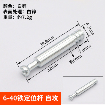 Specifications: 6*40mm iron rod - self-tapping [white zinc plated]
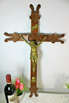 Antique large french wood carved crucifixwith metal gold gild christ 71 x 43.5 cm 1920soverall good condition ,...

--

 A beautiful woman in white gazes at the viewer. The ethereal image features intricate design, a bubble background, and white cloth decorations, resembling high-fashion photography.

...

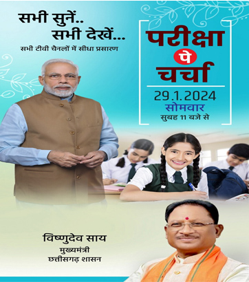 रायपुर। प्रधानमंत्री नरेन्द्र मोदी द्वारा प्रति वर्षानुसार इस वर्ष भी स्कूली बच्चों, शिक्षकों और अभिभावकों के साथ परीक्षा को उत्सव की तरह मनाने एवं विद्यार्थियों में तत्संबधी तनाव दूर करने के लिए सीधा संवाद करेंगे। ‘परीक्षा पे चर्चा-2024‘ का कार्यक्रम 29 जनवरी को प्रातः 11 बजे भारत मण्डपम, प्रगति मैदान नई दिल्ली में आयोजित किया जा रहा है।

_Task statement_
Above are the records; copy exactly the lines from the one with "Specifications: 6*40mm iron" through the one with "Antique large french", including both, and nothing more. Leave out pictures.

_Output for this task_
 Specifications: 6*40mm iron rod - self-tapping [white zinc plated]
 Antique large french wood carved crucifixwith metal gold gild christ 71 x 43.5 cm 1920soverall good condition ,...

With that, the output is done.